Wednesday, November 6, 2013
The pull of the pull
Like it or not, the "sick hit" is the Hollywood moment of our hobby. It's not completing a set or finding that Heritage short-print or discovering a funny little fact on the back. It's this:
"SICK! NO. 1/5 DARVISH AUTO/PATCH GREEN CHROME REFRACTOR DIECUT WITH SPARKLES! BOOOM!"
Even someone like me, pretty much entrenched in old card sets now, will click on a post that screams like that to see that card. It's a show-stopper. A thrill. And even a collector who doesn't live for the hit, can appreciate the glory of the moment, and even wish it was them ... a little.

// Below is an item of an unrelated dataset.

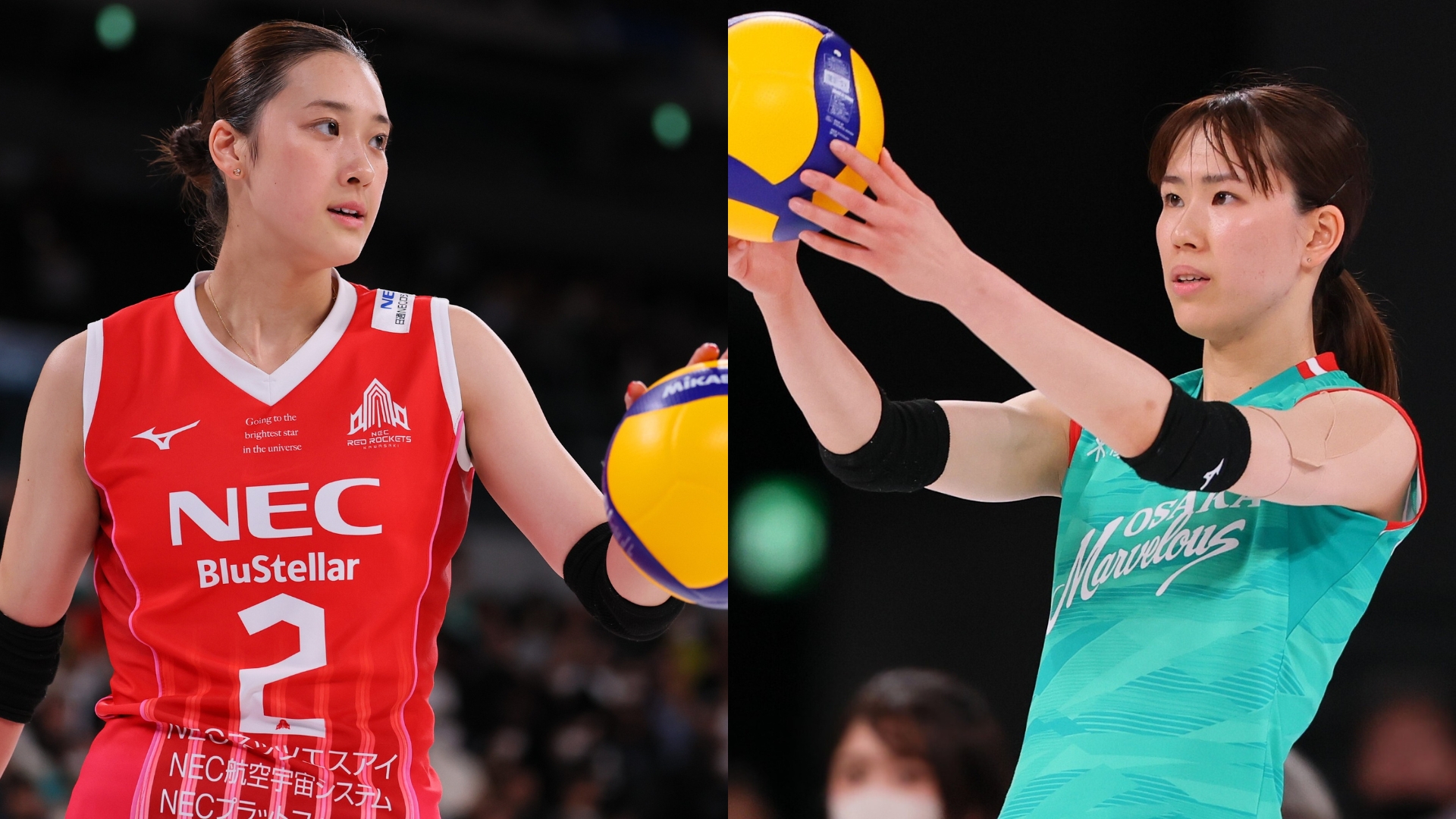 (NEC川崎・佐藤淑乃/大阪MV・林琴奈 ©SV.LEAGUE)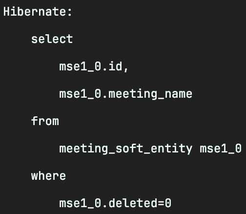 @SoftDelete를 붙인 엔티티를 삭제할 때는 DELETE 구문이 아닌 UPDATE 구문으로 deleted를 업데이트하는 걸 확인할 수 있습니다.

The pull of the pull is strong, even if it's not your main mission.
My card-buying purpose is to complete sets and find Dodgers. Maybe a little trade bait. If I get a hit -- like the 2008 A&G Kosuke Fukudome gimmicked SP that I pulled in a discount pack in 2009 -- then that's a nice perk and a moment to share. It won't turn me into a Nuthin' But Da HIIIIITZ Youtuber, but I can enjoy a moment in the sun like anyone.
The thing is, I've been pulling "sick" cards for a lot longer than a lot of collectors have been collecting. I've been pulling them before a lot were even alive. I almost never buy a hobby pack, never buy high-end product, but yes, I've pulled cards a lot of collectors covet.
When the beginnings of your collecting habit go back to the mid-'70s, you're going to pull a decent card or two.
So I thought I'd share some of the key cards that I've pulled over time.
The definition of "sick pull" was different at that time. I'm guessing a "sick pull" then had something to do with faking an illness to get out of school. And there were not super short prints, autograph cards, patch cards, serial numbered cards, none of that, back then.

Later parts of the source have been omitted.